We have observed below errors in logstash, and elasticsearch on DR site, please help if anyone have solution
Logstash:
[2021-08-05T09:51:44,040][INFO ][logstash.outputs.elasticsearch][main][634f22b0afc3af812df90fcd9873c667fb3a3481e393f6b139ed4d1a1a6cbde0] retrying failed action with response code: 429 ({"type"=>"circuit_breaking_exception", "reason"=>"[parent] Data too large, data for [<transport_request>] would be [20739871956/19.3gb], which is larger than the limit of [20401094656/19gb], real usage: [20739756616/19.3gb], new bytes reserved: [115340/112.6kb], usages [request=0/0b, fielddata=17534/17.1kb, in_flight_requests=115340/112.6kb, accounting=41630092/39.7mb]", "bytes_wanted"=>20739871956, "bytes_limit"=>20401094656, "durability"=>"PERMANENT"})

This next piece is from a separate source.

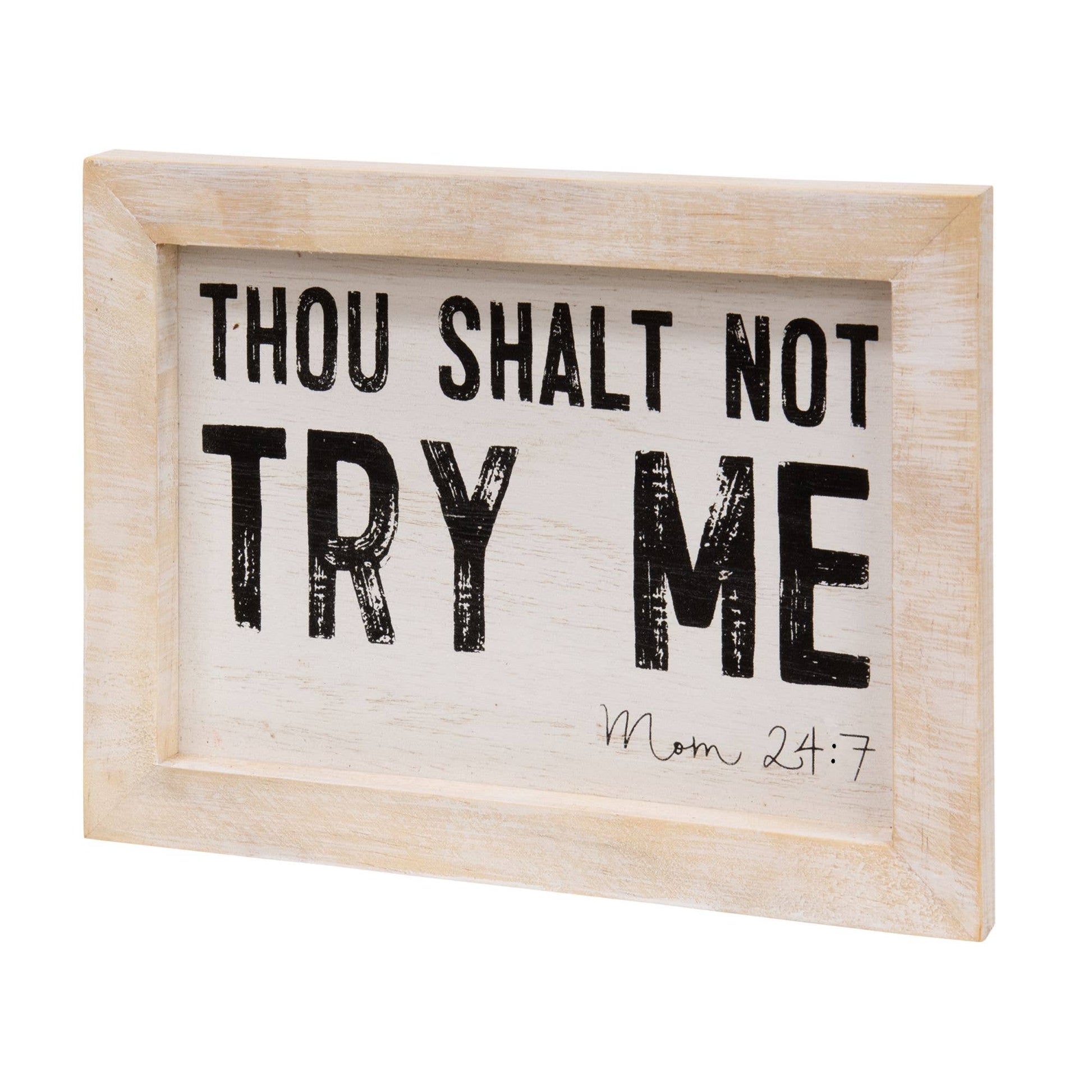 The lightly distressed wooden framed print features the phrase: "Thou shalt not try me Mom 24:7" in black lettering on a white background.

[2021-08-05T09:51:44,041][INFO ][logstash.outputs.elasticsearch][main][634f22b0afc3af812df90fcd9873c667fb3a3481e393f6b139ed4d1a1a6cbde0] Retrying individual bulk actions that failed or were rejected by the previous bulk request. {:count=>13}
[2021-08-05T09:51:44,102][INFO ][logstash.outputs.elasticsearch][main][cdaa1f772bd03dd6fa85d04fee4566660bd9c92ab3a78c1488c1a41d42baffc0] retrying failed action with response code: 429 ({"type"=>"circuit_breaking_exception", "reason"=>"[parent] Data too large, data for [<transport_request>] would be [20739758688/19.3gb], which is larger than the limit of [20401094656/19gb], real usage: [20739756616/19.3gb], new bytes reserved: [2072/2kb], usages [request=0/0b, fielddata=17534/17.1kb, in_flight_requests=2072/2kb, accounting=41630092/39.7mb]", "bytes_wanted"=>20739758688, "bytes_limit"=>20401094656, "durability"=>"PERMANENT"})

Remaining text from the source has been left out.